![]() |
Franz Enstein était le cadet d’une famille de tempranogrades
qui fuirent l’instabilité politique et
les famines de leur Moravie natale pour s’installer dans les sombres montagnes
des Karapates.
Ses parents, intellectuels
brillant, l’éduquèrent dans l’amour de l’universalité, mais n’oublièrent jamais
la culture fantasque qui les avait vus grandir. En Moravie, le culte des morts fait partie de la vie
quotidienne, et l’humoriste parisien Désiré Grandin blaguait : « dans
ce pays on voit les morts ravis et on envie les morts à tel point qu’on en est
mort à vie « (bruit de cymbales, rires dans la salle)
C’est dans l’isolement de l’immigré, en la nature austère et sauvage des forêts
obscures des montagnes noires de la Karapatie que le petit Franz développa un
goût désespéré pour la connaissance, les sciences, et celle qu’il préférait
entre toutes, celle qu’il appelait la science magique, la biologie, car elle
étudiait le seul phénomène physique qui fut miraculeux : la vie
Le premier plus beau jour de sa vie, comme il le raconta
dans ses mémoires : « Mémoires bleues outre-mort » aux édition
du Horla, fut le 13 septembre 1888. C’est ce jour qu’il réussit pour la
première fois à ressusciter une anoure bicéphale qu’il venait de disséquer. Il
venait de réussir l’impossible, réparer un batracien comme on répare une
montre. A partir de ce jour, il n’eût de
cesse de faire revivre les morts. Malgré quelques échecs (Mathusalem, Dracula,
le cerveau de Britany Speares) ses réussites de plus en plus nombreuses lui
apportèrent une gloire considérable et le statut de demi-dieu vivant. Il fut
convoqué par les familles les plus riches d’Europe. Mais les problèmes
engendrés par ses exploits furent nombreux, et surtout, inattendus. Alors qu’il
venait de redonner la vie à la princesse Euthanasia Von Hesse, proche cousine
du prince de Karapatie, Il fut accusé de détournement de fonds, abus de
confiance, crime de lèse-majesté, de meurtre à l’envers, insulte à la mort,
blasphème, etc.
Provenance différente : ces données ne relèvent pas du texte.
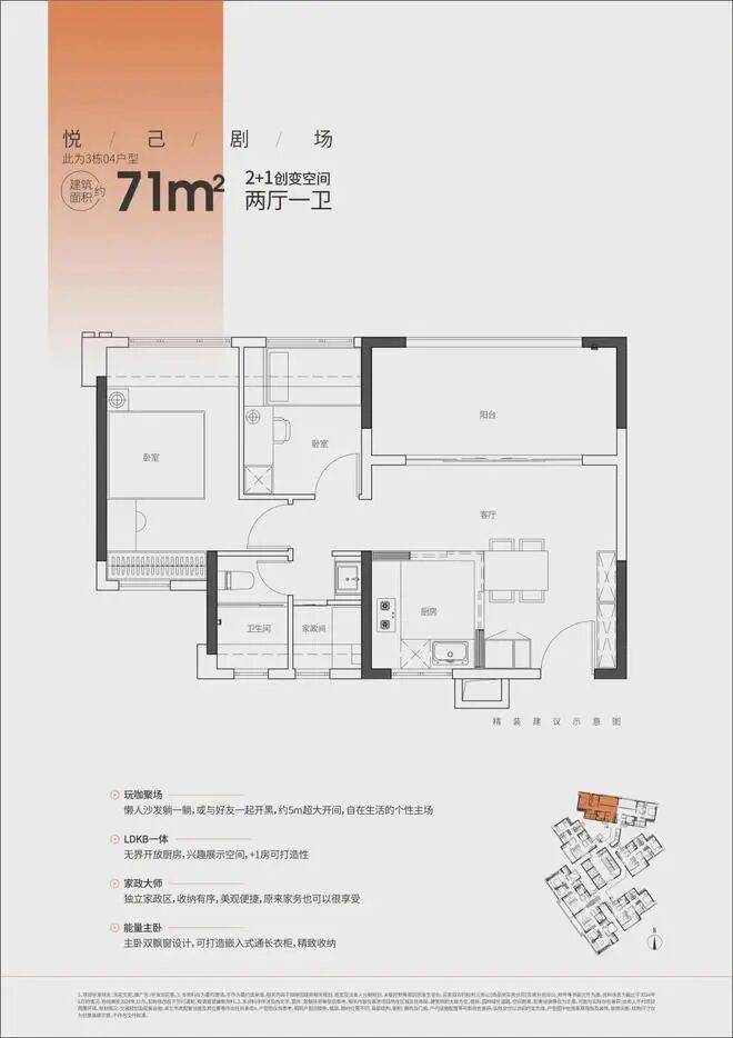 71㎡ 2+1创变空间:适合追求个性生活的年轻人,客厅约5米超大开间,LDKB一体设计,独立家政区,主卧双飘窗设计。

En effet, la princesse n’avait pas été empoisonnée par hasard,
et le fragile équilibre que sa mort avait apporté venait d’être rompu par
Franz. Une guerre de succession éclata, durant laquelle sa famille, déjà
déshonorée par les accusations envers leur brillant cadet, finit par être
décimée. Lors de la mise à sac du château des Hesse par les Kaspar, Franz put s’échapper
de sa geôle, et fuit alors vers la France.
Il y changea d’identité et se fit dès lors appeler Francis
Enstein.
Essentiellement glabre, comme la plupart des tempranogrades,
Francis, autant pour coller à la mode de la moustache que pour altérer son
apparence et n’être ainsi point reconnu, se laissait pousser les poils du nez,
et cette particularité, couplée à son caractère farouche qu’un accent âpre ne
faisait qu’aggraver, le contraignait un célibat qu’il n’arrivait pas à s’expliquer.
Profondément changé par les récents événements de sa vie, il
décida de ne plus jamais ressusciter qui que ce fut, et se mit petit à petit à
penser à l’élaboration de la vie plutôt qu’à sa restauration. Constatant que le
monde était corrompu, seule la création d’une vie nouvelle avait des chances d’atteindre
un idéal de perfection
Aussi fut-il bouleversé quand lors de la rétrospective de
Eusébio Praxitelos, il vit ce que le sculpteur appelait lui-même son chef-d’œuvre :
La création de la femme
. Ce fut le deuxième plus beau jour de sa vie. |
A partir de ce moment là, Franz sut ce pour quoi il était
destiné : donner vie, par la science, à l’œuvre d’art.